Retype the lines below exactly, from the one that contains "Värmemängdsmätare M-ULTICAL® 403" through the last, and leave every picture out.

BEGIN DATA SHOWN

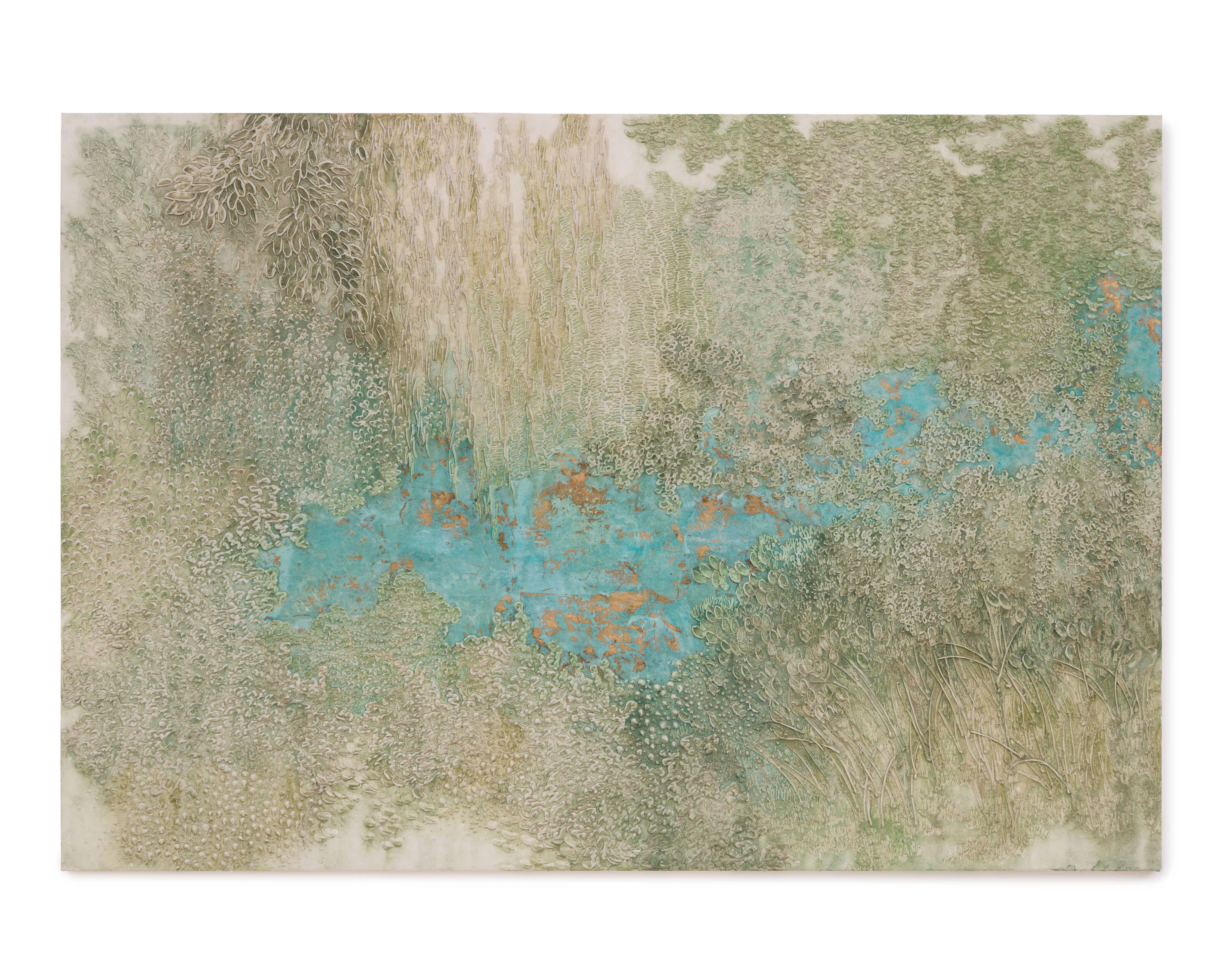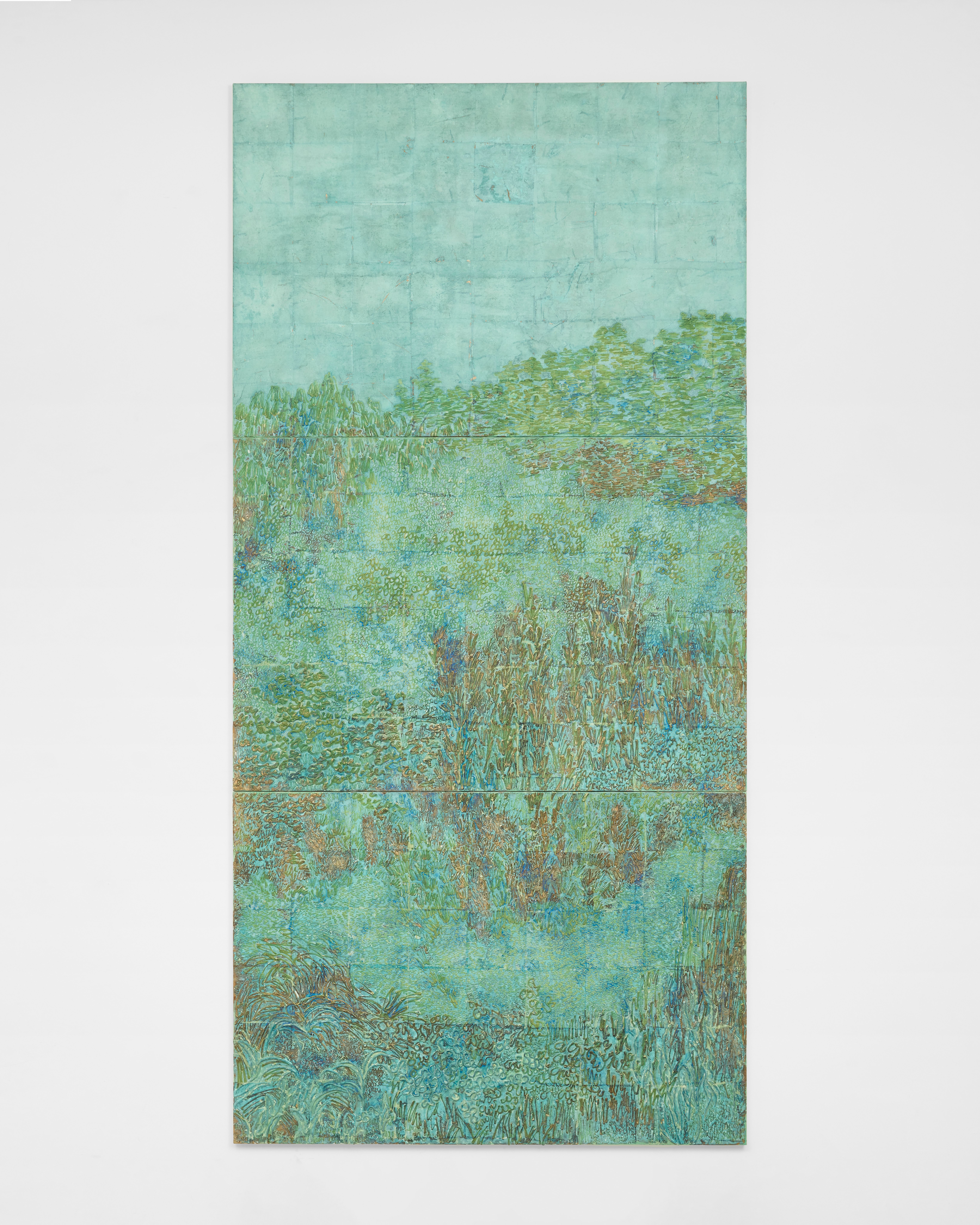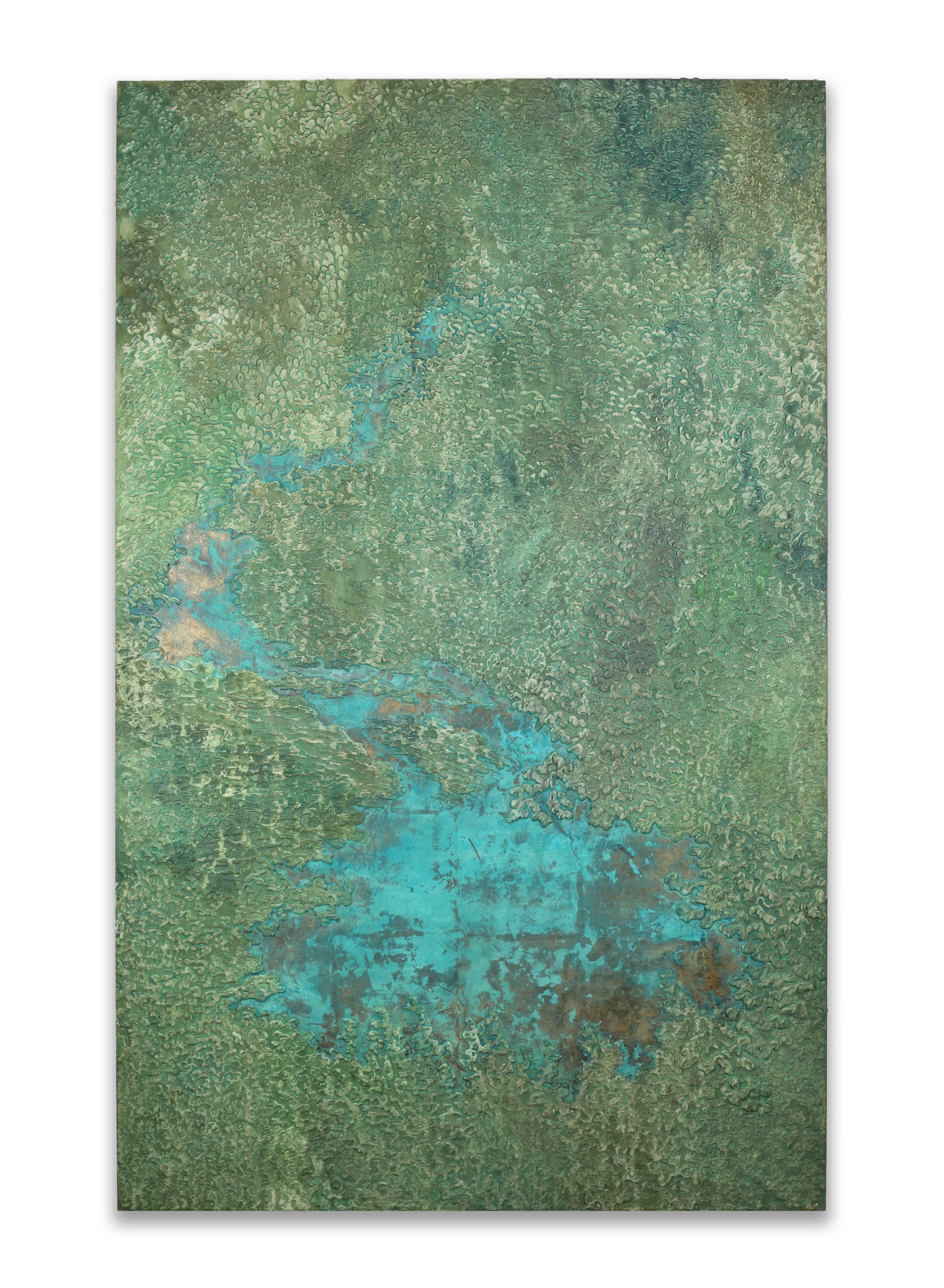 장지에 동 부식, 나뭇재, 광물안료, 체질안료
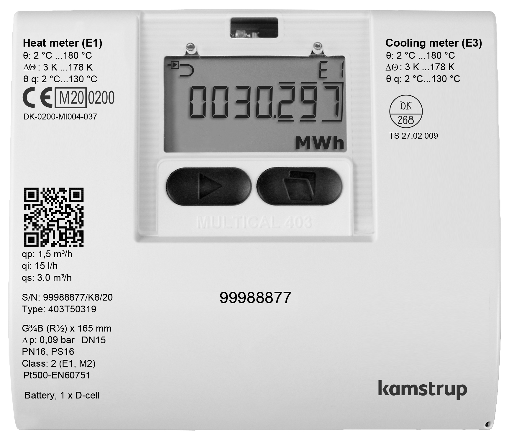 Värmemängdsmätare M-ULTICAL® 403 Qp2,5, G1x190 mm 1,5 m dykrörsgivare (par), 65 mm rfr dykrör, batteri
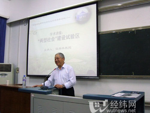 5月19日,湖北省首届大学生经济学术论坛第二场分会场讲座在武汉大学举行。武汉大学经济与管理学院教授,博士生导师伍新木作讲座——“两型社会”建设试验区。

END DATA SHOWN

● ANSWER TO THE PROBLEM:
 Värmemängdsmätare M-ULTICAL® 403 Qp2,5, G1x190 mm 1,5 m dykrörsgivare (par), 65 mm rfr dykrör, batteri
 5月19日,湖北省首届大学生经济学术论坛第二场分会场讲座在武汉大学举行。武汉大学经济与管理学院教授,博士生导师伍新木作讲座——“两型社会”建设试验区。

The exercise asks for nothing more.